The compiler treats "a" as a pointer to char - an entity that is 1 byte in size. Adding 1 to this yields a pointer that is incremented by the size of the entity (i.e. 1).
The compiler treats "&a" as a pointer to an array of chars - an entity that is 5 bytes in size. Adding 1 to this yields a pointer that is incremented by the size of the entity (i.e. 5).
This is how pointer arithmetic works. Adding one to a pointer increments it by the size of the type that it is a pointer to.
The funny thing, of course, is that when it comes to evaluating the value of "a" or "&a", when dereferencing, they both evaluate to the same address. Which is why you see the values that you do.

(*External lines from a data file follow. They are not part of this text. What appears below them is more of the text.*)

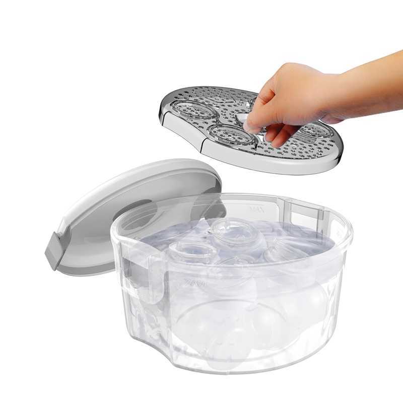 Spécialement conçu pour la stérilisation à la vapeur (au micro-ondes) ou pour l'eau froide avec une solution stérilisante, le stérilisateur combiné vital baby® NURTURE ™ 2 en 1 est rapide et facile à utiliser et est parfait pour une utilisation en voyage.
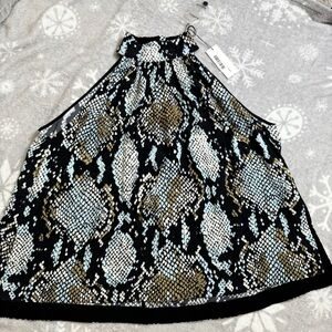 The Printed Snake Crepe De Chine Top is cut to a fluid silhouette with softly gathered pleats. Defined by an all-over animal print, it's framed with a high button-fastening halter neck.
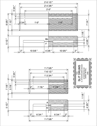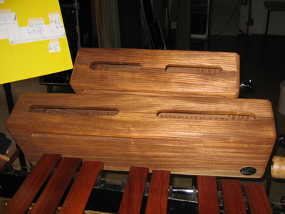 Stockhausen Slit Drum On the heels of the Heaven's Door commission, Stuart has commissioned these instruments to perform Stockhausen's "Zyklus" and "Kontakte". I am building these out of the same quarter sawn sapele that was used for the Heaven's Door plates. The instruments manufactured by Kolberg Percussion GmbH, Uhingen, Germany are tooled on their outer surface to resemble natural log graining, no doubt contributory to their inflated cost. We are not reproducing this effect. Below are some study photos taken by Stuart of the Kolberg instruments

Arrays "decay" into pointers to the first element. So taking the address of a gives you a pointer to an array of 5 chars, which is like declaring a char[][5]. And incrementing this pointer advances to the next element of the char[][5] array - that is 5 characters at a time. This is different from incrementing the pointer that decays from the char[5] array - that is, one character at a time.